Myspace who is an American social networking service, found themselves a victim of a historical attack in 2013. There were around 360 million (Bicchierai, 2016) user account was leaked and sold on the dark web. The data that was breached included email addresses, passwords, and usernames. Myspace wasn’t aware of the attack, so it is unknown when the data was exactly stolen. However, when Myspace was notified of the hack users were kept in the dark for a while. The hackers were identified as Peace and an operator of LeakedSource. The data was uploaded on the black web where it was traded and sold to numerous individuals. “Peace was asking for 6 Bitcoin (roughly $2,800) for the stolen passwords and emails” (Bicchierai, 2016). The passwords were hashed with the ‘SHA1 algorithm’ (Bicchierai, 2016). However, this algorithm is known to be weak and easy to crack. Myspace also did not salt their passwords making it easier to hack. Salting is used in password hashing which makes it harder for hackers to gain access and information. Myspace ordered their user to change their passwords after the attack. The company also updated their algorithms to stop future attacks and started to salt their passwords. In the future, Myspace should be diligent on keeping their users informed when attacks occur. This would create the user to take action and protect their private information.

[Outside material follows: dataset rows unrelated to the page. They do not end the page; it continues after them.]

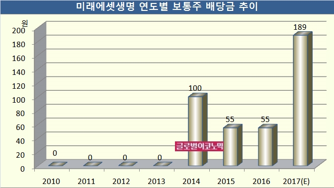 미래에셋생명은 우선주에 대해선 유상증자 계약에 따라 배당률 연 5%를 의무적으로 지급하고 있다.
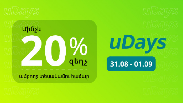 Միայն երկու օր՝ օգոստոսի 31-ին և սեպտեմբերի 1-ին, «uDays» հատուկ առաջարկի շրջանակներում Ucom-ի վաճառքի և սպասարկման կենտրոններում, ինչպես նաև Ucom-ի առցանց խանութում յուրաքանչյուրը կարող է ստանալ մինչև 20% զեղչ սմարթֆոնների և 15%՝ աքսեսուարների ողջ տեսականին գնելու դեպքում:
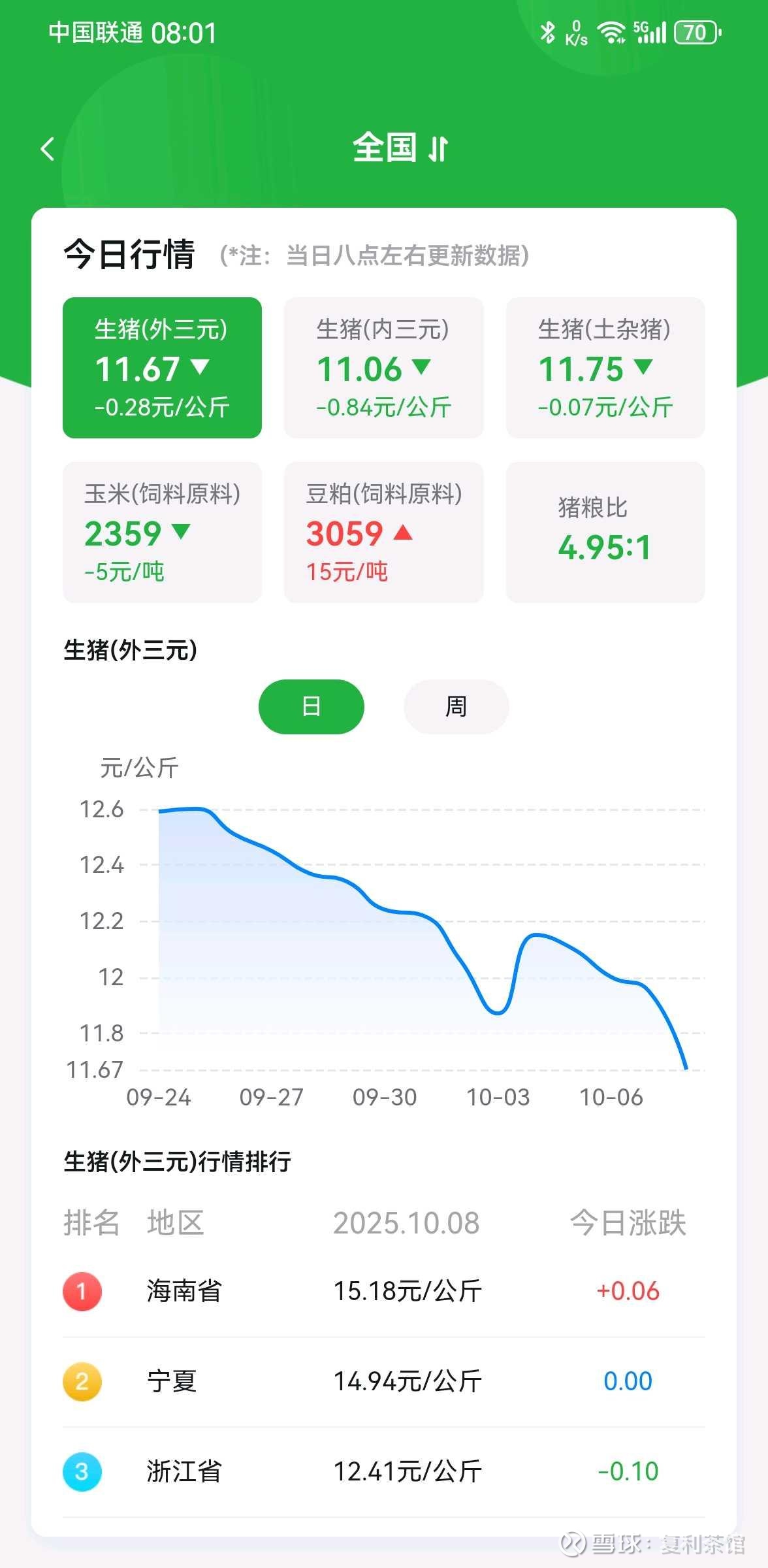 节后猪价下跌加速,多个猪价app显示,猪价进入5-6元/斤区间,部分压栏待涨的超大猪终于压不住了,对猪价反弹的希望落空,全网多数养殖户、贩猪户,一片声看空猪价,过1-2个月,能不能低点进入4-5元区间,还有待观察。
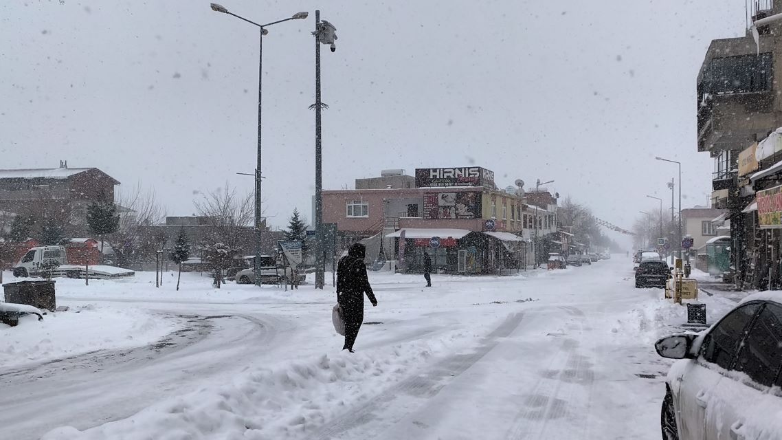 Diyarbakır’ın Dicle İlçesinde yağan kar ilçeyi beyaza bürüdü.
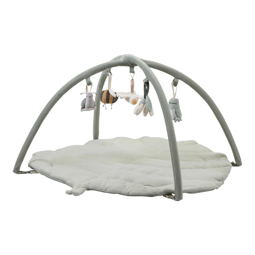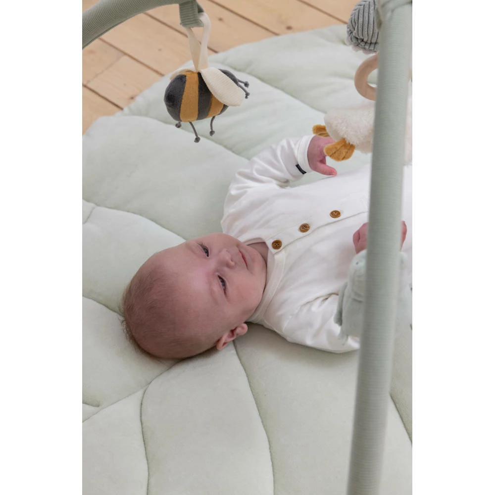Dit zachte, gewatteerde Little Dutch speelkleed in de vorm van een blad is een geweldige speelplek voor baby’s. Aan de bogen hangen schattige speeltjes van Little Goose en zijn beste vriendjes, die baby’s stimuleren om ze aan te raken en te ontdekken.
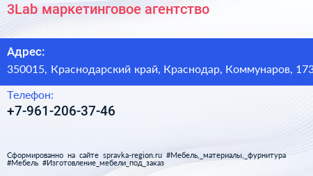 3Lab, маркетинговое агентство по адресу 350015, Краснодарский край, Краснодар, Коммунаров, 173 в дальнейшем Организация, размещена в следующих категориях:
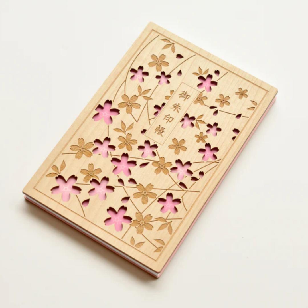 Celebrate the beauty of Spring time in Japan with this beautifully crafted Goshuin stamp book, featuring a laser-cut wooden cover adorned with a gorgeous Sakura blossom design. The intricate carving adorned with delicate cherry blossom flowers brings an elegant touch to the cover, blending tradition with modern design.
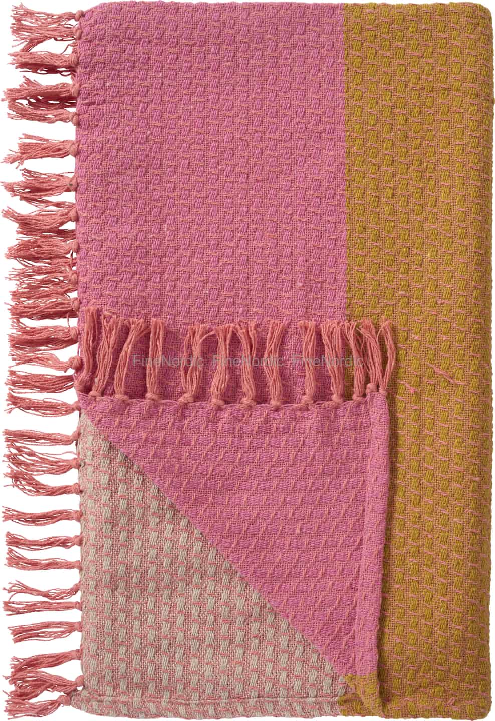 Stellen Sie sich den sanften Schein einer untergehenden Sonne vor, eingefangen in gewebter Baumwolle. Dieses wunderschöne Plaid von Ib Laursen bringt eine sanfte Wärme in jeden Raum, mit seiner einladenden Textur und einer Palette aus Altrosa, warmem Senfgelb und Naturtönen.
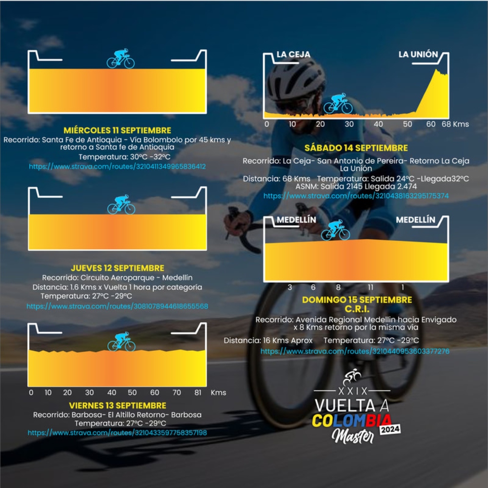 La carrera finalizará el domingo 15 de septiembre con una contrarreloj individual de 16 kilómetros por la Avenida Regional Medellín hacia Envigado, donde conoceremos a los campeones de las diferentes categorías.
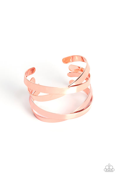 Brushed in a high-sheen finish, two sets of flat shiny copper bands crisscross over the wrist as they wrap into a lustrous cuff giving off an industrial vibe.

Data breaches can occur at any moment and to any person. With increasing technology, hacking is becoming more prominent. As we can see, cyber-attacks can be detrimental and has everlasting effects. Information like passwords, credit card access, login IDs, and email passwords can be stolen in the blink of an eye. Big-time corporations must keep up with their security systems. Individuals want to be able to trust companies with their personal information. It is important that we as users are aware of these attacks and that changing our passwords and information can help reduce the impact of the attacks. Adobe who was hacked in 2013 but made great strides to gain the trust of its users again. They updated their security forces and required future subscriptions to be made to gain access to accounts. Companies like TJX updated their PIN data as well as frequently checking transaction history for suspicious activity. Myspace updated their algorithms so it wouldn’t be easy for a hacker to gain access to users’ personal information. These three companies took hard hits to their security forces. But they took action in correcting their mistakes and updating their security for their users. These companies need to admit to their failures and learn from them. We can use these hacking experiences and learn from them for the future. Companies can use these examples to create protective steps and measure when an attack occurs. They should have backup plans created to follow when attacks are made. However due to the technological advances being made daily; cybersecurity is becoming an increasingly important topic. Cyberattacks are becoming more prominent due to access to technology and information. Users need to be aware of in order to protect themselves.